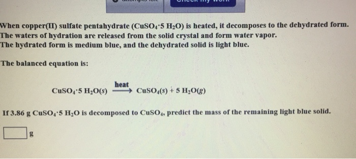 CuSO45 H2Os ------- CuSO4s 5 H2Og If 242 g CuSO45 H2O is decomposed to CuSO4 predict the mass of the remaining light blue solid in grams. Use EXTREME CAUTION when you are near an open flame Materials. That hydrogen bonding is broken while we heat the compound.
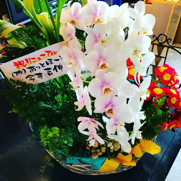 ご近所の「(株)あっとほーむ」様からも素敵なお祝いをいただきました!!
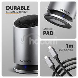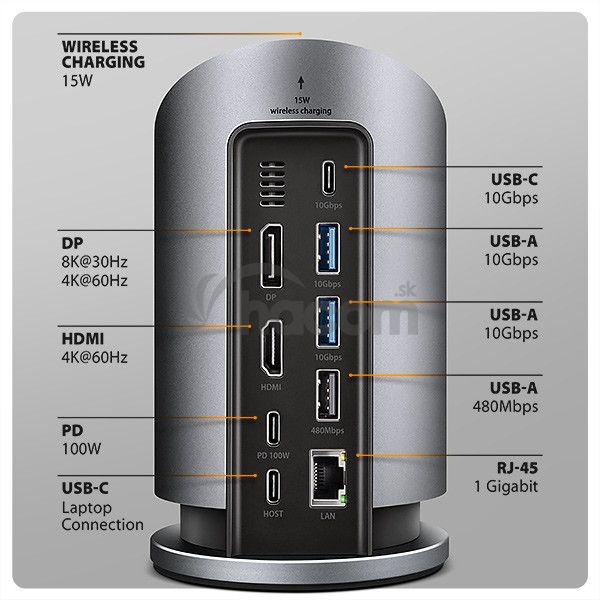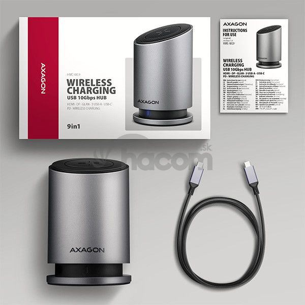 Multiportový USB-C 10Gbps AXAGON HMC-WL9 WIRELESS CHARGING 9in1 húb rozšíri váš notebook, počítač alebo telefón o dva video výstupy, LAN konektor, USB porty a bezdrátovú nabíjačku . Váš notebook pripojíte k hubu cez 60 cm dlhý USB-C kábel. Okamžite tak máte k dispozícii pripojenie pre dva 4K monitory, štyri USB zariadenia a konektor RJ-45 pre Gigabitovú Ethernet sieť . Zároveň získate možnosť napájania notebooku pomocou technológie Power Delivery . Vďaka kompatibilite s rozhraním Thunderbolt 3/4/5 môžete dokovaciu stanicu 9v1 použiť aj s notebookmi, ako sú napríklad Apple MacBook Air alebo MacBook Pro .Bezdrôtové nabíjanie pre mobilné telefóny s výkonom až 15 W je integrované priamo do tela hubu . Vďaka magnetickému systému uchytenia stačí telefón jednoducho priložiť - automaticky sa vyrovná do optimálnej pozície. Nabíjanie je tak maximálne efektívne, bezpečné a pohodlné. Samozrejmosťou je kompatibilita so štandardmi Qi1, Qi2 a MagSafe . Na dosiahnutie maximálneho výkonu bezdrôtového nabíjania je nutné použiť 100W PD nabíjací adaptér.
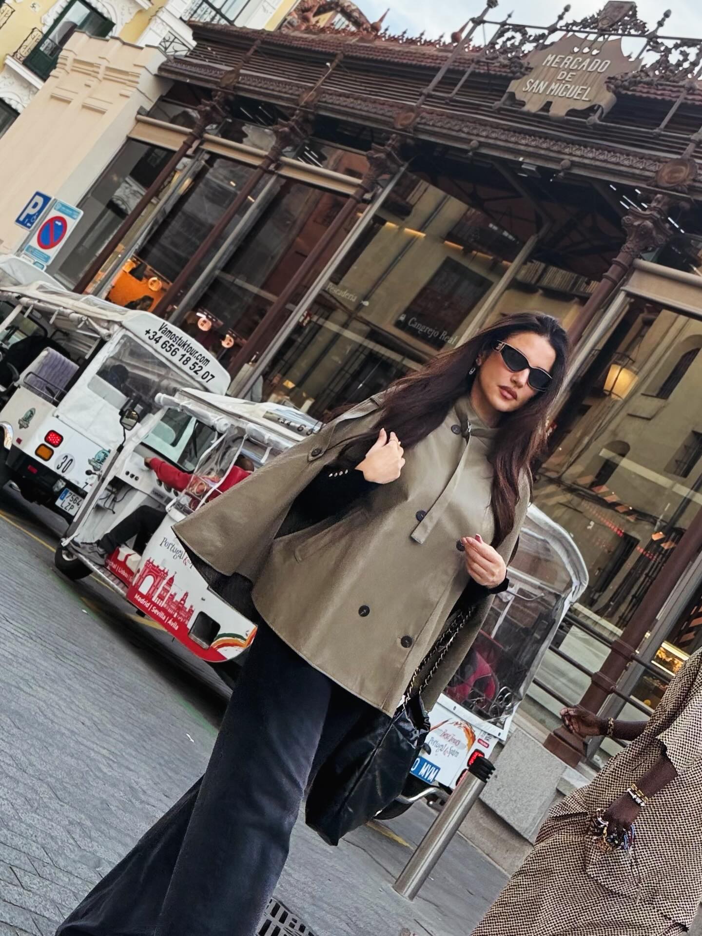 في إحدى جولاتها السياحية في مدريد، ارتدت درّة زرّوق سترة بنمط "كاب" قصير من الجلد بلون البيج مع أزرار كبيرة بلون بُنيّ-رماديّ (ZW Collection Faux Leather Cape Jacket) من "زارا" (Zara) وقدّمتها بأسلوب يعكس هدوءاً بصرياً وأناقة غير متكلّفة، حيث نسّقتها مع كنزة ناعمة سوداء اللون وسروال واسع من الدنيم الدخاني اللون من "لويفي" (Loewe). كذلك، وضعت نظّارة شمسيّة سوداء من "شانيل" (Chanel)، وحملت حقيبة كتف سوداء من العلامة نفسها، وانتعلت جزمة من الجلد الأسود.

• TO DO:
Leave out the pictures and repeat exactly the lines from the first line of the data through the line containing "ご近所の「(株)あっとほーむ」様からも素敵なお祝いをいただきました!!". Add nothing else.

• ANSWER FOR THE TASK:
 CuSO45 H2Os ------- CuSO4s 5 H2Og If 242 g CuSO45 H2O is decomposed to CuSO4 predict the mass of the remaining light blue solid in grams. Use EXTREME CAUTION when you are near an open flame Materials. That hydrogen bonding is broken while we heat the compound.
 ご近所の「(株)あっとほーむ」様からも素敵なお祝いをいただきました!!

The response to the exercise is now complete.